実家である家を手放さなくてはならなかったり、実の父が逮捕されたり……不正を明らかにすることは、和也さんにとっても大きなダメージを負う行為だった。

しかし和也さんは、自分の行動を後悔はしていないという。


夫は逮捕され、自らも住む家を失ったかつての義母。

現在は元義祖母の介護を中心となって担う代わりに、和也さんの住む家に置いてもらっている現状のようだ。

社長夫人として威張り散らしていたのが嘘のように、小さくなって暮らしているらしい。


そして、和真。

和真は付きまとう悪評の影響で、再就職のための面接に落ち続ける日々が続いた。

やっと決まった仕事も「俺に相応しくない」とかですぐに辞めてしまった。


それからホームレスのような生活を送る日々を経た末に、和也さんから差し出された救いの手。

“下っ端として一からやり直すと誓うなら、会社に戻っても来てもいい”

ホームレス生活で辛酸を舐めた和真は、一二もなくそれに飛びついたのだった。


今まで社長の息子ということで不遜に振舞ってきた和真も、今は厳しい環境下でビシバシとしごかれているようだ。

彩への養育費は、和也さんが給料から天引きしてくれているおかげで、今のところ毎月ちゃんと支払われている。

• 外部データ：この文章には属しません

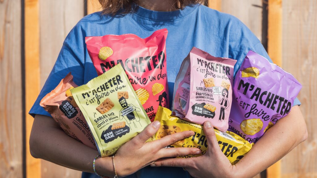 A travers l’achat de chips, de sablés apéro, ou encore de cookies produits en France, les consommateurs peuvent financer des dons concrets aux personnes dans le besoin et ce, pour le même prix qu’un paquet de chips ou gâteau classique.
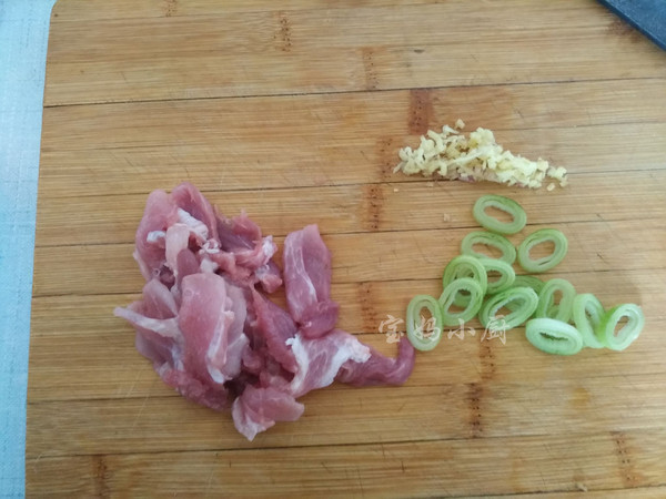 肉片放入碗里,加入葱姜末、生抽酱油、料酒、玉米淀粉拌匀,腌3分钟(这样处理的肉鲜嫩入味)

花梨の方からも、期日内に一括での慰謝料が支払われていた。

その後も何か問題を起こして、両親によって地元に連れ戻されたと聞いている。

今回の一件で懲りて、もう不倫なんて真似を繰り返さないことを祈るばかりだ。


「お母さーん、準備できたよー!」


ニュースが次の話題に切り替わったところで、着替えを済ませた彩がやって来る。


「あ、ちょっと待ってね。

お母さんもバッグの準備だけできたらすぐに行けるから」


あれから、私は以前と同じ税理士補助の仕事を見つけることができた。

パートからのスタートだけど、働きぶりによっては正社員雇用も可能だという。


それに伴い、私と彩は優子さんの家を出て2人で暮らし始めた。

新居は優子さんの家にも近い、小さなアパート。

小学校を転校させることになってしまったけれど、この1年弱で優子さんによく懐くようになった彩は、いつでも遊びに行けるから嬉しいと笑ってくれたっけ。


「すき焼きたのしみだね!

旭くんがケーキも買ってきてくれたんだって」


家を出てからも、優子さんと旭との交流は続いていた。

今日もみんなですき焼きをしようと、優子さんの家にお呼ばれしている。


「楽しみだね。

私たちも、着いたらちゃんとお手伝いしようね」


「もちろん!」


私の言葉に、元気に頷く彩。


―――ああ、本当に私たちの望んだ……平穏な生活が手に入ったんだ。


屈託のないその笑顔を見ていたら、急にそれを実感した。

胸がきゅっと締め付けられるようで、堪らずに彩を抱きしめる。


「わっ……おかあさん?」


「彩……大好きだよ」


突然の行動に戸惑う彩へ、溢れるままの気持ちを伝える。


かつてはすれ違っていた私たちの想い。


「私も……大好きだよ!」


もう何者にも引き裂かれることはない。


やり直しという奇跡の末に、再びこの手に抱きしめることができた宝物をもう二度と離さない。


私たちは、奪われてきた時間の分までこれからを幸せに生きていくんだ。